I have a string $s1 = \"a_b\";
and I want to match this string but only capture the letters. I tried to use a lookahead:
if($s1 =~ /([a-z])(?=_)
A lookahead looks for next immediate positions and if a true-assertion takes place it backtracks to previous match - right after a
- to continue matching.
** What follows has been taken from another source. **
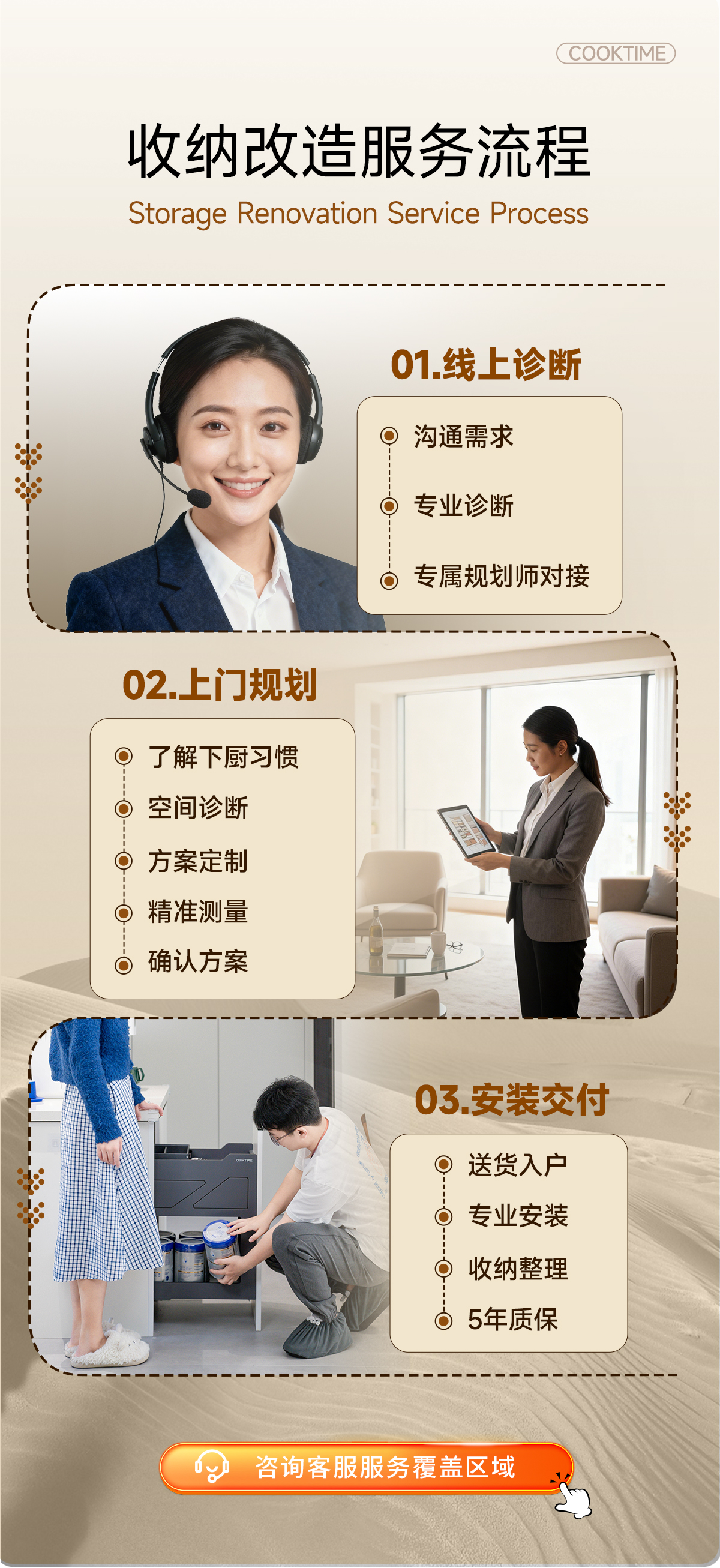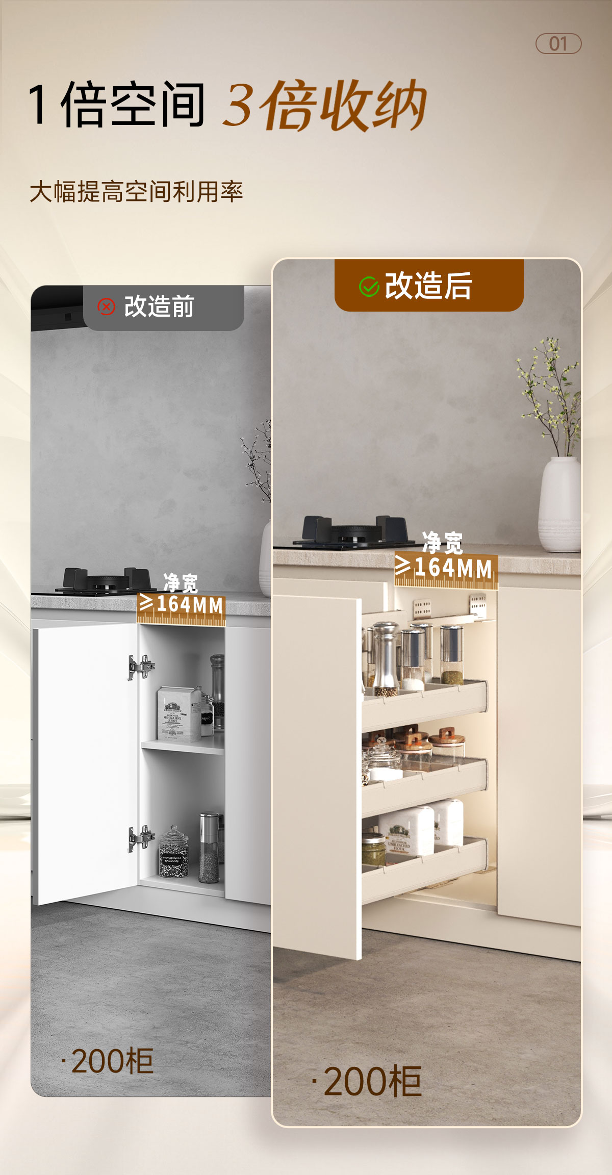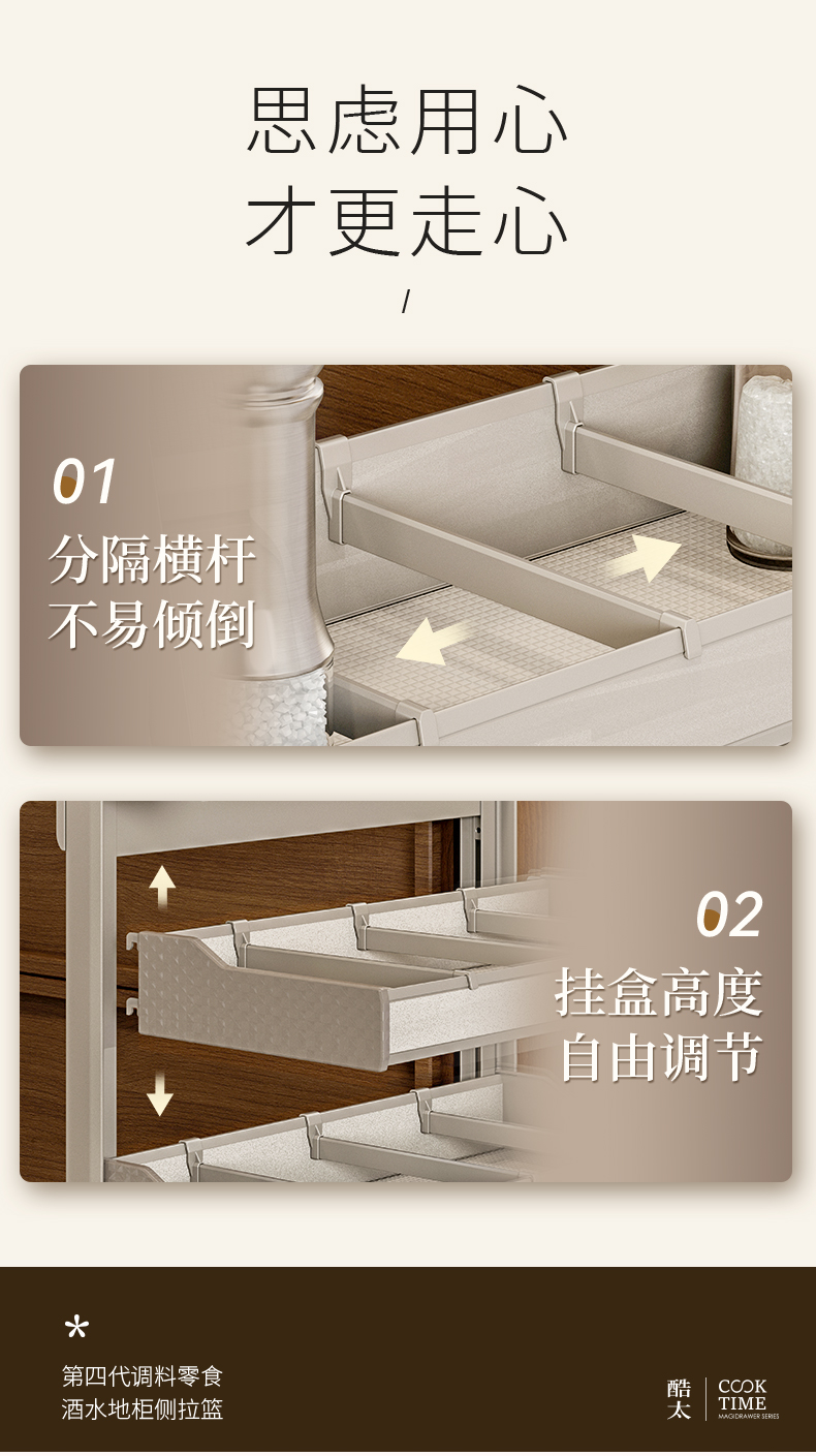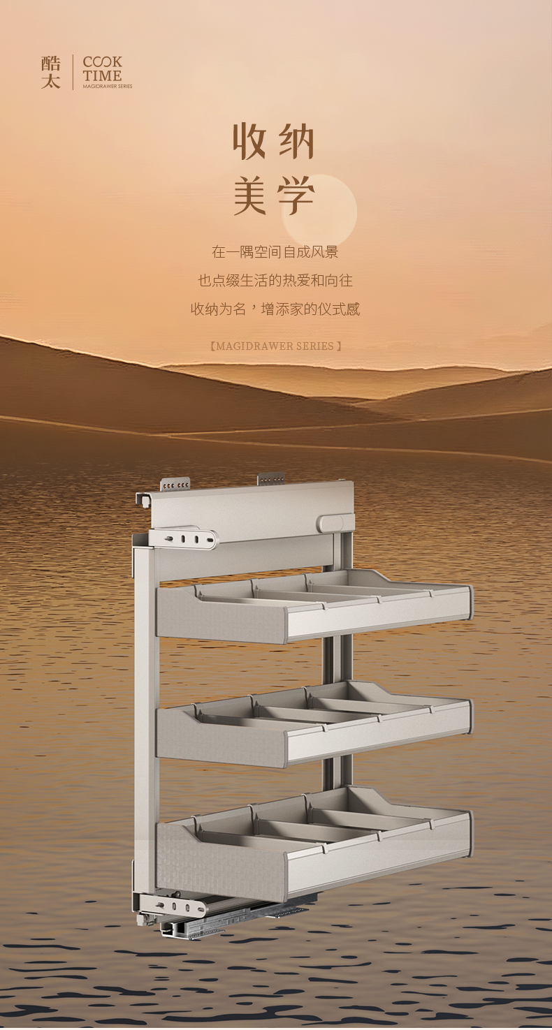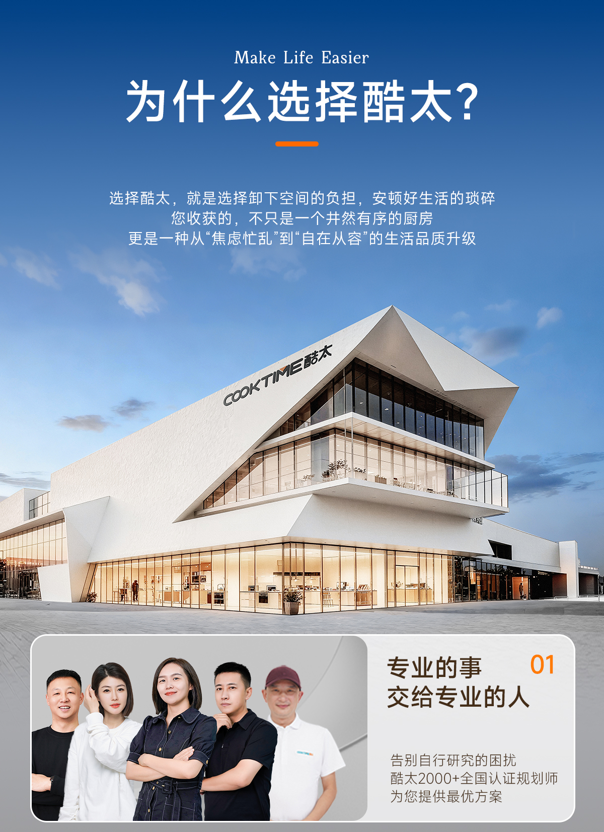 - 酷太坚持8年自主研发,已获得专利证书130项,拥有一套领先市场的厨房收纳系统,为千万中国家庭解决厨房脏乱差,缔造厨房新生活。

Your regex would work only if you bring a _
next to the positive lookahead ([a-z])(?=_)_([a-z])
You even don't need (non-)capturing groups in substitution:
if ($s1 =~ /([a-z])_([a-z])/) { print "Captured: $1, $2\n"; }
In reply to @Borodin's comment
I think that moving backwards is the same as a backtrack which is more recognizable by debugging the whole thing (Perl debug mode):
Matching REx "a(?=_)_b" against "a_b"
.
.
.
0 <> <a_b> | 0| 1:EXACT <a>(3)
1 <a> <_b> | 0| 3:IFMATCH[0](9)
1 <a> <_b> | 1| 5:EXACT <_>(7)
2 <a_> <b> | 1| 7:SUCCEED(0)
| 1| subpattern success...
1 <a> <_b> | 0| 9:EXACT <_b>(11)
3 <a_b> <> | 0| 11:END(0)
Match successful!
As above debug output shows at forth line of results (when 3rd step took place) engine consumes characters a_
(while being in a lookahead assertion) and then we see a backtrack happens after successful assertion of positive lookahead, engine skips whole sub-pattern in a reverse manner and starts at the position right after a
.
At line #5, engine has consumed one character only: a
. Regex101 debugger:
How I interpret this backtrack is more clear in this illustration (Thanks to @JDB, I borrowed his style of representation)
a(?=_)_b
*
|\
| \
| : a (match)
| * (?=_)
| |↖
| | ↖
| |↘ ↖
| | ↘ ↖
| | ↘ ↖
| | : _ (match)
| | ^ SUBPATTERN SUCCESS (OP_ASSERT :=> MATCH_MATCH)
| * _b
| |\
| | \
| | : _ (match)
| | : b (match)
| | /
| |/
| /
|/
MATCHED
By this I mean if lookahead assertion succeeds - since extraction of parts of input string is happened - it goes back upward (back to previous match offset - (eptr
(pointer into the subject) is not changed but offset is) and while resetting consumed chars it tries to continue matching from there and I call it a backtrack. Below is a visual representation of steps taken by engine with use of Regexp::Debugger
So I see it a backtrack or a kind of, however if I'm wrong with all these said, then I'd appreciate any reclaims with open arms.